How can I detect the language a run of text is written in?


A customer asked, "I have a Unicode string. I want to know what language that string is in. Is there a function that can give me this information? I am most interested in knowing whether it is written in an East Asian language."

The problem of determining the language in which a run of text is written is rather difficult. Many languages share the same script, or at least very similar scripts, so you can't just go based on which Unicode code point ranges appear in the string of text. (And what if the text contains words from multiple languages?) With heuristics and statistical analysis and a large enough sample, the confidence level increases, but reaching 100% confidence is difficult. I vaguely recall that there is a string of text which is a perfectly valid sentence in both Spanish and Portuguese, but with radically different meanings in the two languages!

The customer was unconvinced of the difficulty of this problem. "Language detection of a single Unicode character should work with 100% accuracy. After all, the operating system already has a function to do this. When I pass the run of text to GDI, it knows to use a Chinese font to render the Chinese characters and a Korean font to render the Korean characters."

The customer has fallen into the trap of confusing scripts with languages. The customer in this case is an East Asian company, so they have entered the linguistic world with a mindset that each language has its own unique script, since that is true for the languages in their part of the world.

It's actually kind of interesting seeing a different set of linguistic assumptions. Whereas companies in the United States assume that every language is like English, it appears that companies in East Asia assume that every language is like English, Japanese, Chinese, Korean, or Thai. In this company's world, the letter "A" is clearly English, since it never occurred to them that it might be German, Swedish, or French.

When GDI is asked to render a run of text, it looks for a font that can render each specific character, and once it finds such a font, it tries to keep using that font until it runs into a character which that font doesn't support, and then it begins a new search. You can see this effect when a non-Western character is inserted into a string when rendered on a system whose default code page is Western. GDI will switch to a font that supports the non-Western character, and it will keep using that font for the remainder of the string, even though the rest of the string uses just the letters A through Z. For example, the string might render like this: Dvořak. GDI switched to a different font to render the "ř" and remained in that font instead of returning to the original font for the "ak".

Anyway, the answer to the customer's question of language detection is to use the language detection capability of the Extended Linguistic Services.

If you are operating in the more constrained world of "I just want to know if it's Chinese/Japanese/Korean/Thai or isn't," then you could fall back to checking Unicode character ranges. If you see characters in the ranges dedicated to characters from those East Asian scripts, then you found text which is (at least partially) in one of those languages. Note, however, that this algorithm requires continual tweaking because the Unicode standard is a moving target.
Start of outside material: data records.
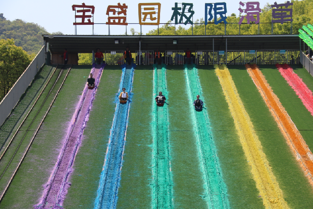 今天,他们感受了一场体验欢乐爆表的解压之旅:坝上滑草的美妙欢快、天空步道的步步惊心、玻璃栈道的如履薄冰,连秋千竟然也能惊险刺激……
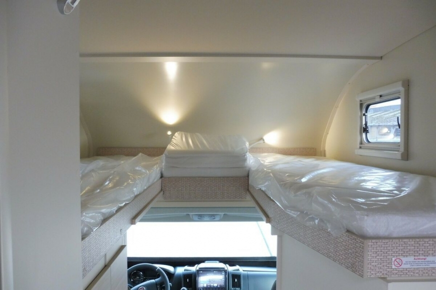 - 140-litrowy zbiornik świeżej wody izolowany i ogrzewany w środku (Pojemność w pozycji do jazdy 25 l. Jeśli jest wystarczająca ilość ładunku, zbiornik na wodę o zaznaczonej pojemności 25 l można napełnić do rzeczywistej pojemności 140 l)
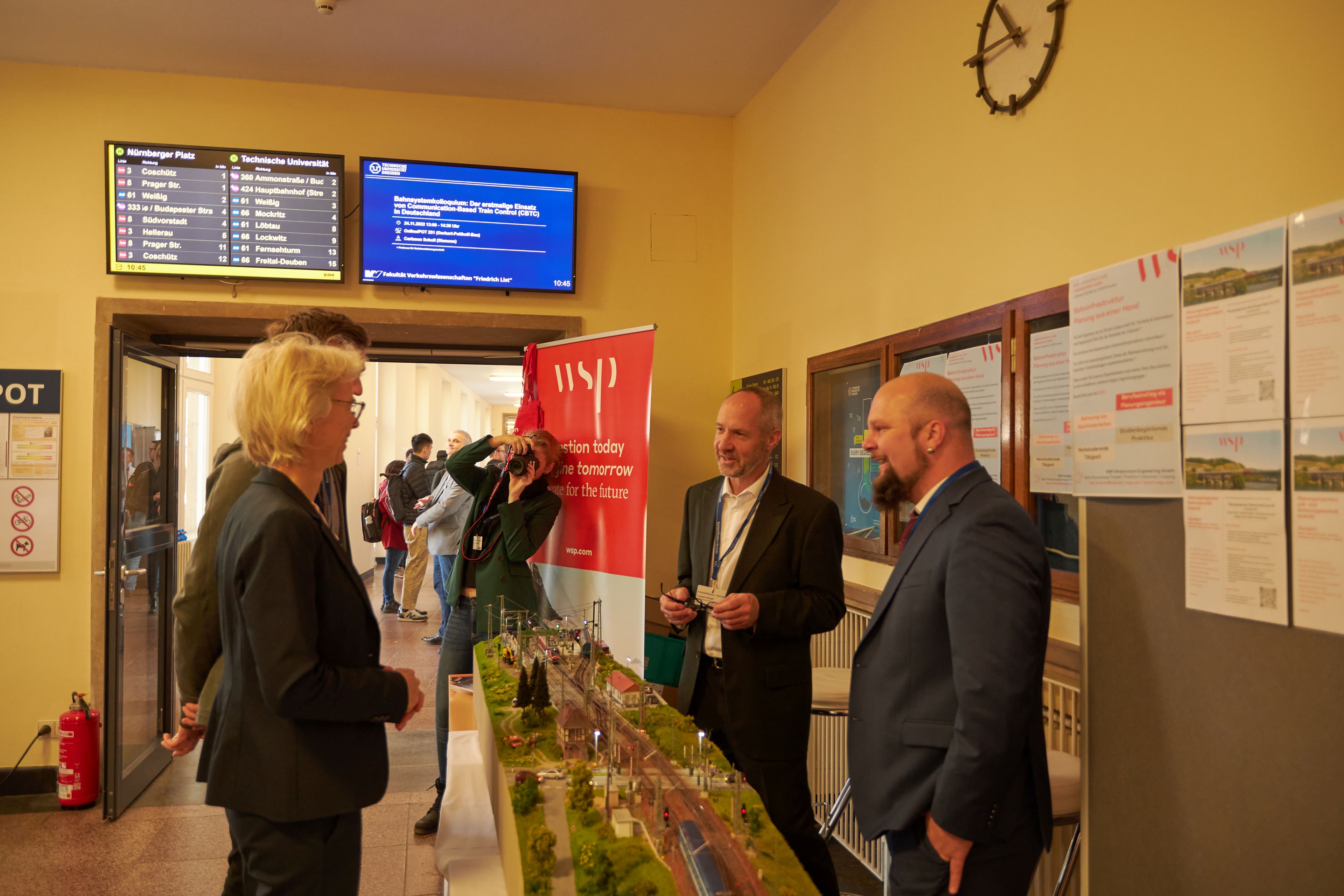 Die Repräsentant:innen Hernandez, Fuchs und Kurtzke von der WSP Infrastructure Engineering GmbH präsentierten Eisenbahnmodelle für interessierte Studierende, die einen „Willen und Leidenschaft für die Bahn“ besitzen. Es ginge auf der Messe vor allem ums Studierendenrekruting. Auch im Angebot: Praktikumsstellen, Abschlussarbeiten und sogar Folgeanstellungen für Absolvent:innen. WSP ist seit elf Jahren jährlich auf der KontaktMesse Verkehr präsent, zu Beginn noch unter anderem Namen (IVV Ingenieurgesellschaft für Verkehrsplanung und Verkehrssicherung GmbH (IVV GmbH)). Die Messe sei für die WPS von zentraler Bedeutung, da dort ein Erstkontakt zu den Studierenden hergestellt und konkrete Berufsvorstellungen (Tätigkeit, berufliche Anforderungen und Profil) vermittelt würden. Bei WPS arbeiten bereits zwei Absolvent:innen der Verkehrswissenschaften.

For example, the range of characters which can be used by East Asian languages expanded with the introduction of the Supplemental Ideographic Plane. You're probably best just letting somebody else worry about this, say, by asking Get­String­Type­Ex for CT_CTYPE3 information, or using Get­String­Scripts (or its redistributable doppelgänger Downlevel­Get­String­Scripts) or simply by asking ELS to do everything.

Comments (25)
  1. Random832 says:

    "When I pass the run of text to GDI, it knows to use a Chinese font to render the Chinese characters and a Korean font to render the Korean characters." – how does he know it's not using a Japanese font to render the Chinese characters?

  2. A few years back, a couple of friends and I were staying in a hostel in the north of Japan. Since we were a big group of foreigners from different countries, we spoke English, since we had no other shared language (other than Japanese of varying levels of proficiency). The hostel owners' ten-year-old daughter commented on this, and we asked her how she knew that we were speaking English (as opposed to some other foreign language). Her reply was simply "because it's not Japanese". :)

    Similarly the neighbour's kids (I live in Japan) also refer to me as the "eigo-jin" (roughly translates as "English language person") despite the fact that I am, in fact, Dutch.

  3. Joshua Ganes says:

    I was all geared up to suggest something similar (but less detailed) to you final paragraph before reading your final paragraph.

    I find that Chrome is surprisingly good when it comes to detecting if a web page is written in another language. It is also reasonably competent at translating the text for me. This also depends a lot on the language.

  4. Matt says:

    For those writing code targeting earlier versions of Windows, Chrome's language detection module is written in C++ and is open-source.

    src.chromium.org/…/cld

    Someone blogged a bit of info on extracting this into a standalone library:

    blog.mikemccandless.com/…/language-detection-with-googles-compact.html

  5. Andreas says:

    I vaguely recall that there is a string of text which is a perfectly valid sentence in both Spanish and Portuguese, but with radically different meanings in the two languages!

    "My hand is in warm water" is perfectly valid English (obviously) and Afrikaans. Means the same thing in both languages, though

  6. RichardDeeming says:

    "I don't like football" is perfectly valid English and American, and has a subtly different meaning in both.

    "I'm not wearing any pants" is also valid in both, and has a significantly different meaning.

  7. SimonRev says:

    Ok, Richard I'll bite.  I know the American meaning for "I'm not wearing any pants", but what would it mean if I said that in England?

  8. RonBass says:

    <i>Ok, Richard I'll bite.  I know the American meaning for "I'm not wearing any pants", but what would it mean if I said that in England?</i>

    I'm not wearing underwear.

  9. You wrote: "each language has its own unique script, since that is true for the languages in their part of the world".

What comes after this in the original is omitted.